Educar e educar-se, na prática da liberdade, é tarefa daqueles que sabem que pouco sabem – por isso sabem que sabem algo e podem assim chegar a saber mais – em diálogo com aqueles que, quase sempre, pensam que nada sabem, para que estes, transformando seu pensar que nada sabem em saber que pouco sabem, possam igualmente saber mais. Paulo Freire

A visão da extensão como mero propagador de conhecimento ou com viés assistencial de contrapartida à comunidade é limitada. O mundo humano é comunicável, portanto o estender não é mais suficiente e tornou-se conflitante com o que de fato se pretende com a extensão: comunicar saberes tradicionais e saberes científicos e acadêmicos A educação popular é um caminho para transformar premissas que, como o passar do tempo, já vinham sendo repensadas, mesmo que intuitivamente. O processo de ampliação do entendimento sobre a práxis extensionista, desde sua concepção até sua execução e resultantes, é o que alicerça a extensão popular.

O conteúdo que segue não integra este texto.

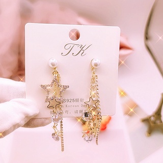 Khuyên Tai Tua Rua Dài Hình Ngôi Sao Năm Cánh Đính Ngọc Trai Sang Trọng Thời Trang Hàn Quốc
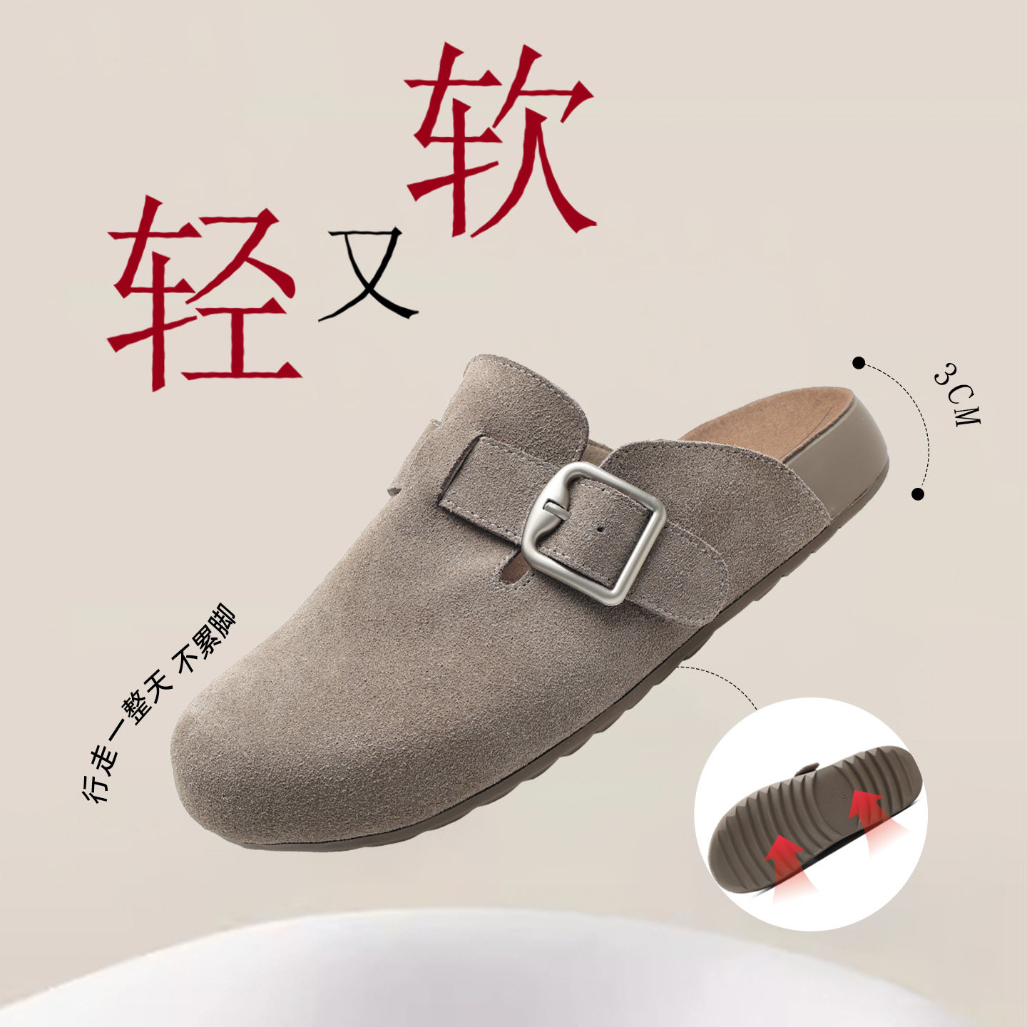 马克华菲软木鞋女鞋2026新款一脚蹬懒人鞋真皮勃肯鞋女半拖包头鞋
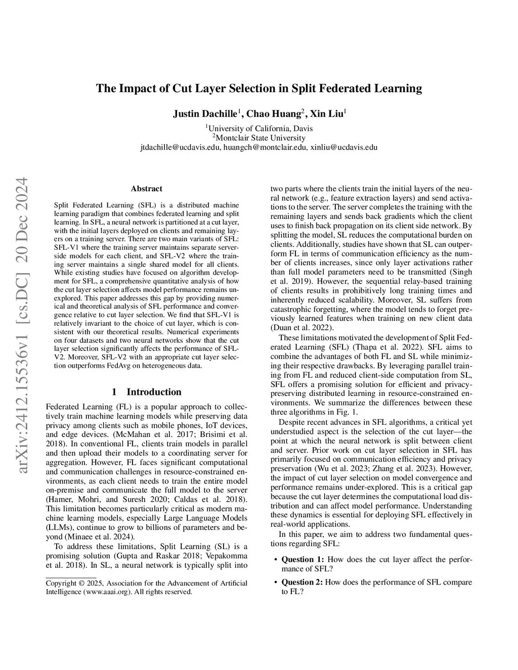 Split Federated Learning (SFL) is a distributed machine learning paradigm that combines federated learning and split learning. In SFL, a neural network is partitioned at a cut layer, with the initial layers deployed on clients and remaining layers on a training server. There are two main variants of SFL: SFL-V1 where the training server maintains separate server-side models for each client, and SFL-V2 where the training server maintains a single shared model for all clients. While existing studies have focused on algorithm development for SFL, a comprehensive quantitative analysis of how the cut layer selection affects model performance remains unexplored. This paper addresses this gap by providing numerical and theoretical analysis of SFL performance and convergence relative to cut layer selection. We find that SFL-V1 is relatively invariant to the choice of cut layer, which is consistent with our theoretical results. Numerical experiments on four datasets and two neural networks show that the cut layer selection significantly affects the performance of SFL-V2. Moreover, SFL-V2 with an appropriate cut layer selection outperforms FedAvg on heterogeneous data.

No intuito de discutir com profundidade a essência da educação popular, de que forma ela conversa com as atividades de extensão que vêm sendo desenvolvidas e, não menos importante, como ambas se aplicam na dignificação do indivíduo como ser integral e na promoção dele à libertação, foi indispensável trazer a base construída por Paulo Freire e sua íntima ligação com o objeto de estudo desse trabalho.

Nas próximas seções, serão apresentadas as ideias primordiais de Paulo Freire sobre uma educação mais humana e crítica. Em seguida, com base na problematização gnosiológica provocada por ele, a extensão universitária, em seu sentido literal, será discutida e a extensão popular será apresentada como alternativa viável para preencher algumas de suas inconsistências. Por fim, empoderamento, libertação e emancipação serão refletidos sob uma base teórica sólida, no intuito de perceber suas nuances e correlações para análises posteriores.

4.1 Do comunicar ao estender, do “estender à” ao “estender com”: Problematizando e redesenhando a Extensão

4.1.1 Primeiros passos da Educação Popular

A educação é “um poderoso instrumento para um rápido crescimento econômico e para a mobilidade individual” (EMEDIATO, 1987, p. 208) e foi instrumento para aplicação de objetivos políticos e econômicos ao longo da história. A busca por estruturas pedagógicas que se contrapusessem ao modelo vigente e que se alinhassem aos interesses dos dominados ao invés dos dominantes foi crescente e intensa durante as primeiras décadas do século XX.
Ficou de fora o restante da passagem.